Monitoring & Evaluation Expert with Connected Development [CODE]; Co-Creator, Follow The Money, School of Data Fellow, and a CrisisMappers Fellow


Nigeria ranked #73 in the 2014 Open Data Index / Other stories from Africa

After 20 years outside of Nigeria, Gabriel just arrived at the Murtala Muhammed International Airport in Lagos, and would like to take the next bus that will be heading to Sokoto, about 1000 km from Lagos. He has always taught the country is now at par with some western countries that do have transport timetables like you have in a country as small as Slovenia, actually he was disappointed! Gabriel eventually waited and gets settled 3 days before he could get a cousin to put him on a bus to Sokoto. This is how interesting data availability could be in Nigeria, and while so much funds is been put into government budget on infrastructure data, the more we look, the less we see the availability of these datasets, one being government spending data in real-time!
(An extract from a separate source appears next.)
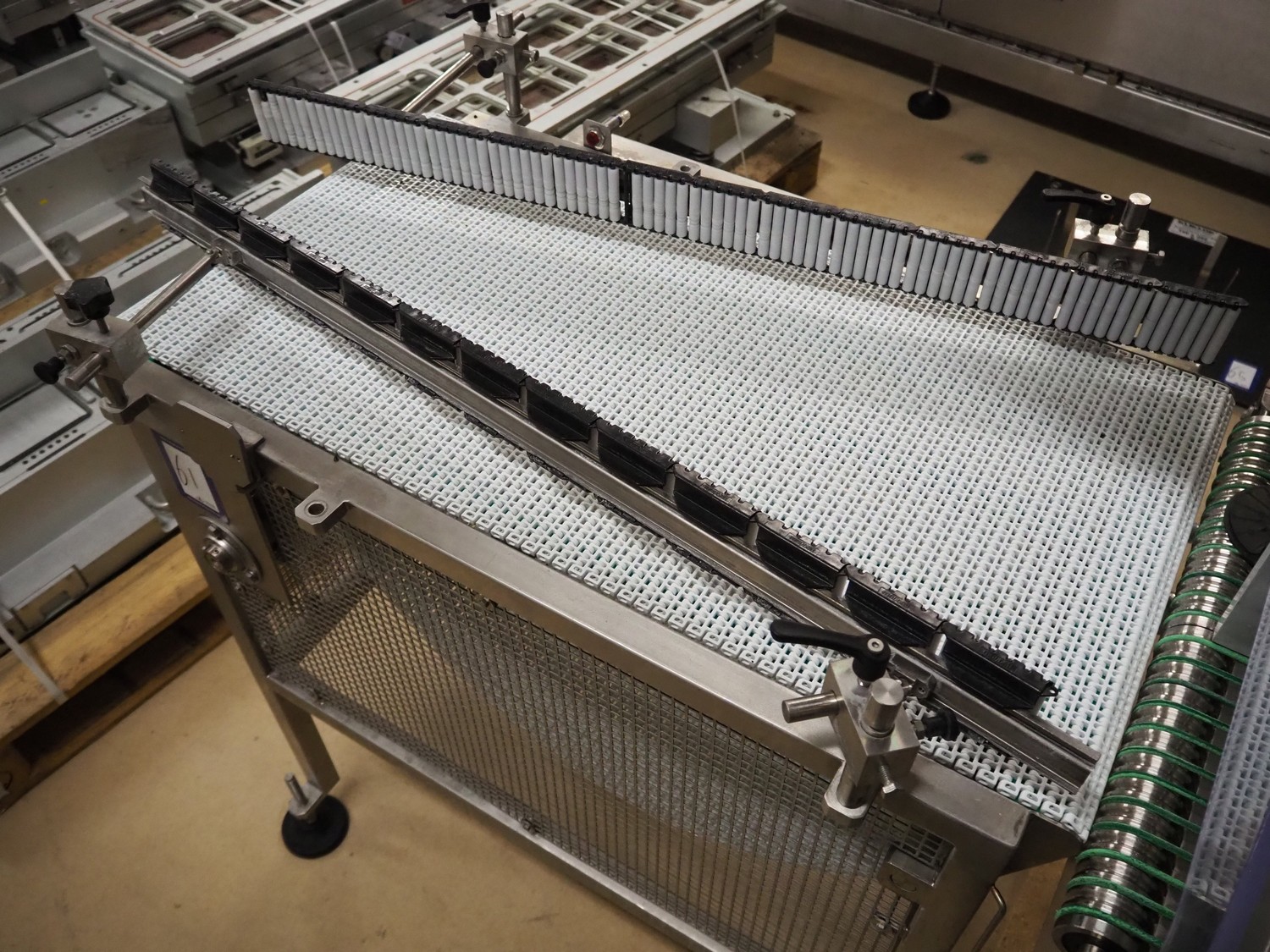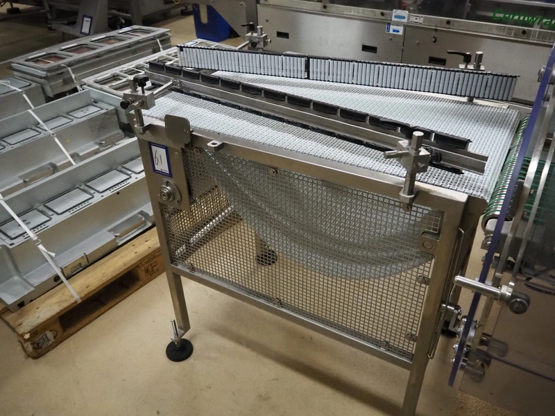 G. Mondini S.p.a. transport belt, model: ND/2-1, serial number: 3544/08, year of construction: 10/2008, 400 V, 3 Ph, 50 Hz, plastic mesh belt, belt width: 500 mm, total dimensions: 1050 mm x 900 mm x 1100 mm.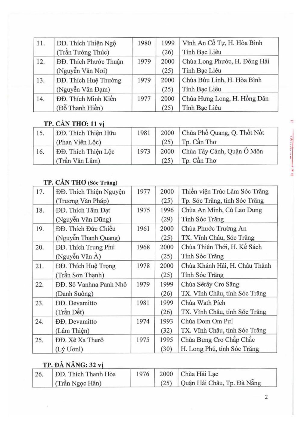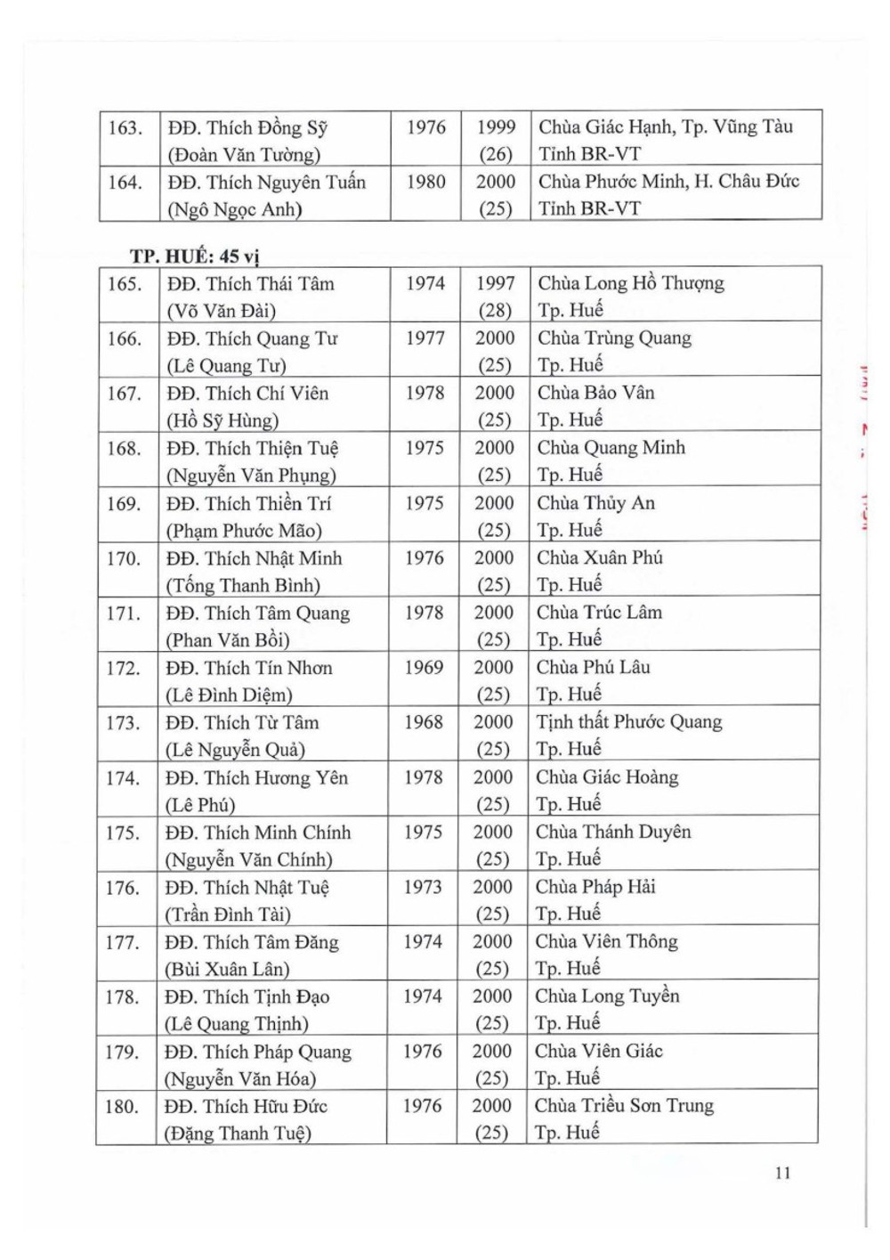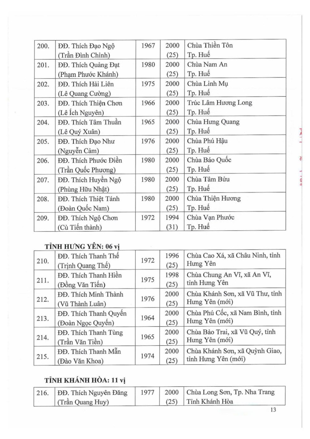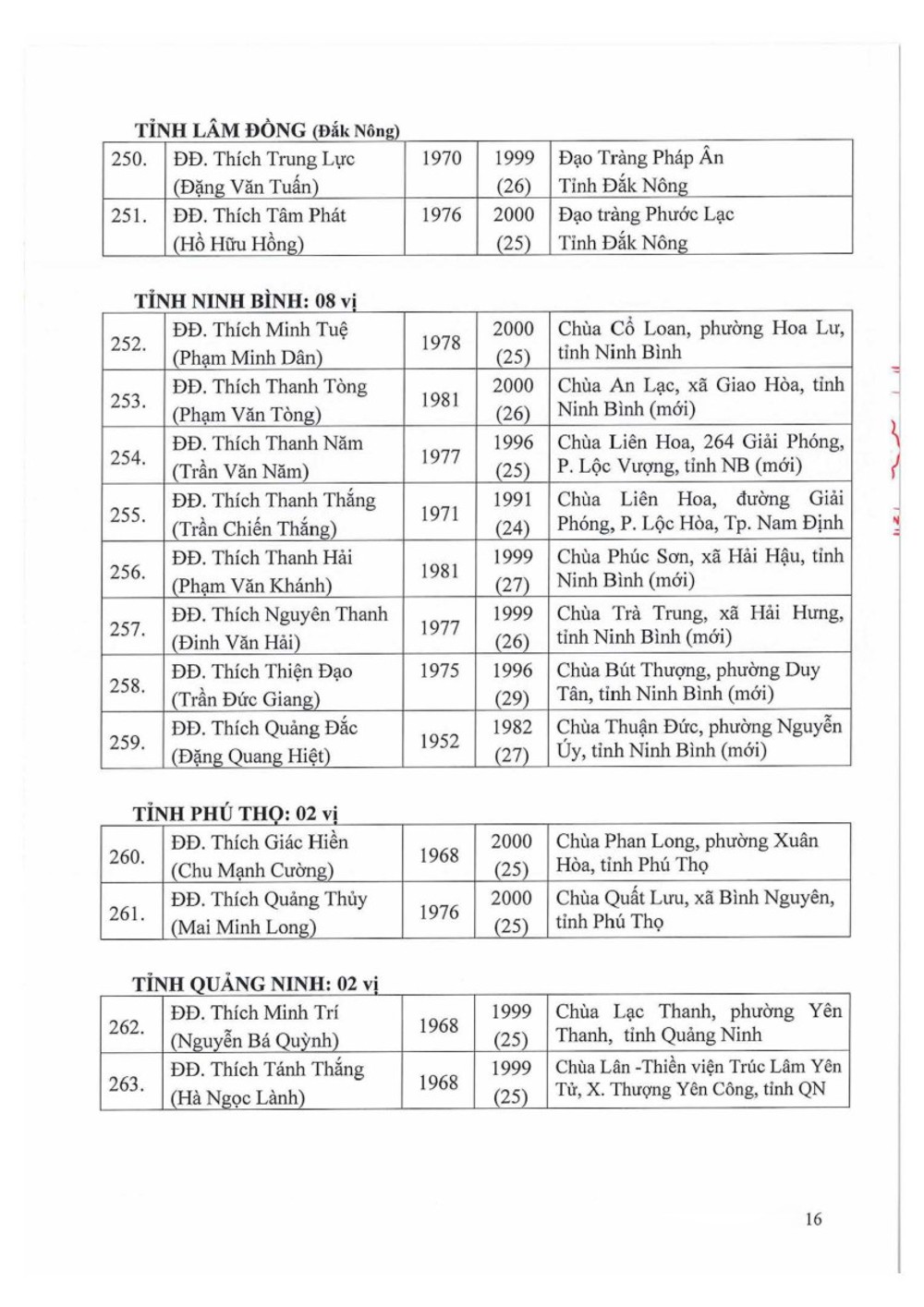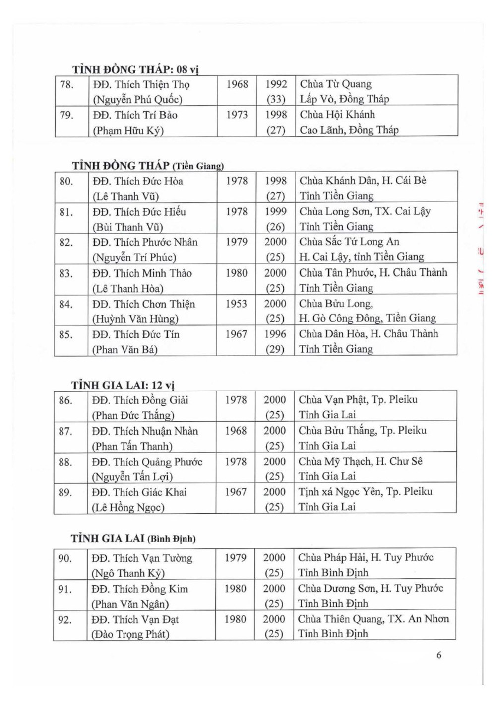 Danh sách tấn phong giáo phẩm Thượng tọa năm 2025 gồm 303 vị. Cụ thể: tỉnh An Giang có 4 vị, tỉnh Bắc Ninh 2 vị, tỉnh Cà Mau 8 vị, TP.Cần Thơ 11 vị, TP. Đà Nẵng 32 vị, tỉnh Đắk lắk 6 vị, tỉnh Đồng Nai 14 vị, tỉnh Đồng Tháp 8 vị, tỉnh Gia Lai 12 vị, TP. Hà Nội 12 vị, tỉnh Hà Tĩnh 1 vị, TP. Hải Phòng 3 vị, TP.HCM 51 vị, TP.Huế 45 vị, tỉnh Hưng Yên 6 vị, tỉnh Khánh Hòa 11 vị, tỉnh Lâm Đồng 25 vị, tỉnh Ninh Bình 8 vị, tỉnh Phú Thọ 2 vị, tỉnh Quảng Ninh 2 vị, tỉnh Quảng Ngãi 9 vị, tỉnh Quảng Trị 11 vị, tỉnh Tây Ninh 4 vị, tỉnh Thái Nguyên 4 vị, tỉnh Vĩnh Long 12 vị.

Nevertheless, postal codes of every community in Nigeria has been available since the publication of the commercialized printed copies five years ago, the National Bureau of Statistics (NBS) isn’t relenting in making statistical data available to Nigerians through its new portal that is already used in complimenting its e-library, five years ago, this wouldn’t have been possible, and this awakening isn’t peculiar to the NBS. Election results are now available immediately it’s being released by the Independent National Electoral Commission; the National Oil Spill Detection and Response Agency at the beginning of the year, released a real time map data of oil spills in the country; and talking about maps, it’s quite appalling that an online digital map of the most populated black country still remains a holy grail, despite the fact that the Office of the Surveyor General of the Federation and the National Boundary Commission has this locked in their office electronic devices! Following suit, is the company register domiciled in the strong room of the Corporate Affairs Commission, which is only available to registered legal practitioners at a fee, perhaps we will need some intervention by Open Corporates

While the country might move up in its rating in the 2014 Global Open Data Index from 63 in 2013 (6th in Africa after Burkina Faso, Tunisia, South Africa, Egypt, Morocco) due to so much pressure on government agencies to make data available, there are still much challenges of the integrity of the data been published, and how downloadable some of this online data are. Having appreciated the government moving to an Open Data regime, especially with recent open data initiative of the Ministry of Communication Technology, it is important to let government institutions know how to openly license their data, and empower citizens, and strengthen non-state actors on how to make use of this available data, so that when transport data becomes available, Nigerians that might want to transit like Gabriel can quickly leverage on using it for moving from one point to another.